Exercise objective ▸ Carry none of the pictures over; write out the complete data exactly.

Recorded data ▸
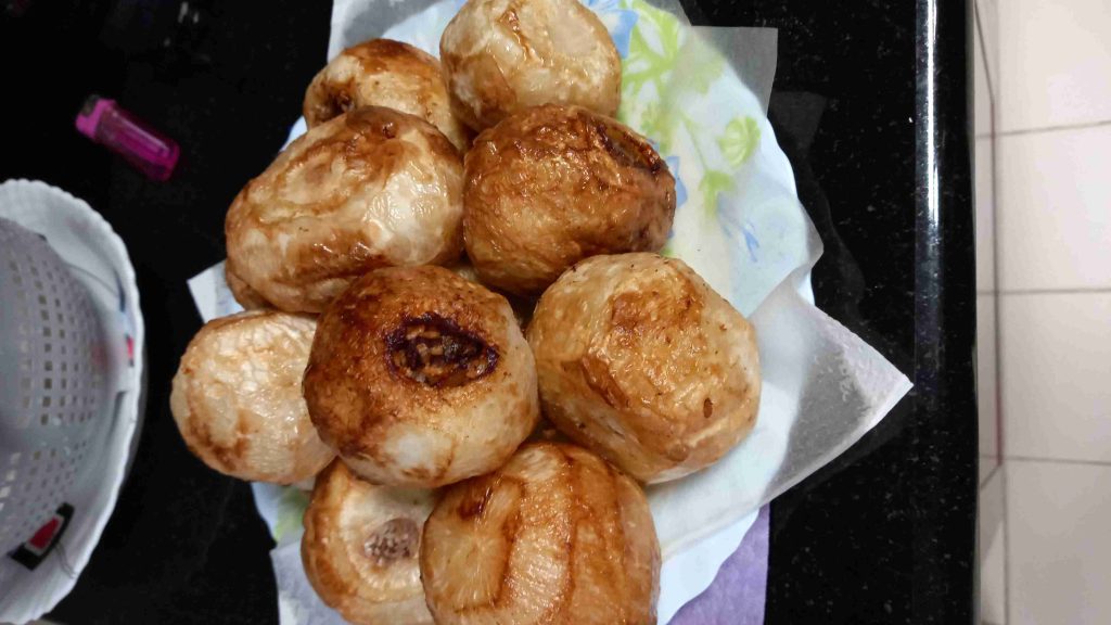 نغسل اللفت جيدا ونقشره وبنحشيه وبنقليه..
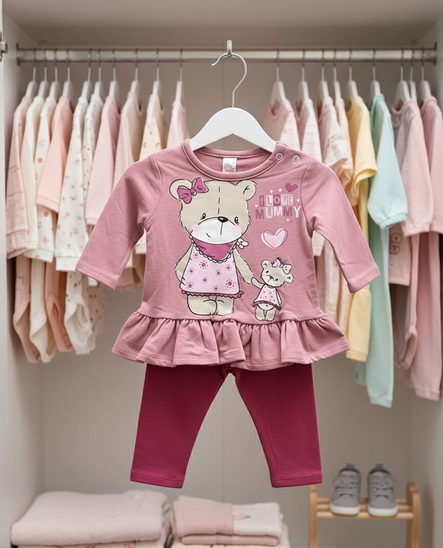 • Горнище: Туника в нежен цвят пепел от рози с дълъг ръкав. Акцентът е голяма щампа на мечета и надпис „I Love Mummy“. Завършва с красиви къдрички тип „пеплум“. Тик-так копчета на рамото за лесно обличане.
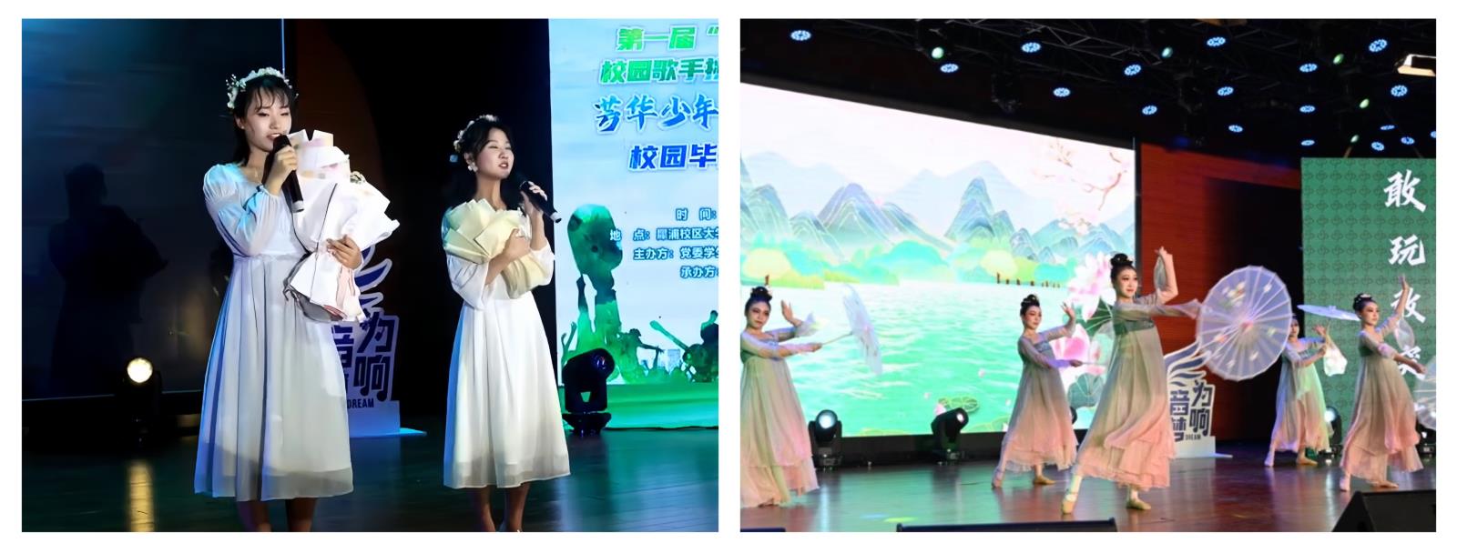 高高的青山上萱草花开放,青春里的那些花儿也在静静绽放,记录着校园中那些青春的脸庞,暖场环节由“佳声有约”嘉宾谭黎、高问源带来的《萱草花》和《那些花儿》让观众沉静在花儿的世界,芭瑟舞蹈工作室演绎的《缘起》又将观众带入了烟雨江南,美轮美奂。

Solved exercise ▸
 نغسل اللفت جيدا ونقشره وبنحشيه وبنقليه..
 • Горнище: Туника в нежен цвят пепел от рози с дълъг ръкав. Акцентът е голяма щампа на мечета и надпис „I Love Mummy“. Завършва с красиви къдрички тип „пеплум“. Тик-так копчета на рамото за лесно обличане.
 高高的青山上萱草花开放,青春里的那些花儿也在静静绽放,记录着校园中那些青春的脸庞,暖场环节由“佳声有约”嘉宾谭黎、高问源带来的《萱草花》和《那些花儿》让观众沉静在花儿的世界,芭瑟舞蹈工作室演绎的《缘起》又将观众带入了烟雨江南,美轮美奂。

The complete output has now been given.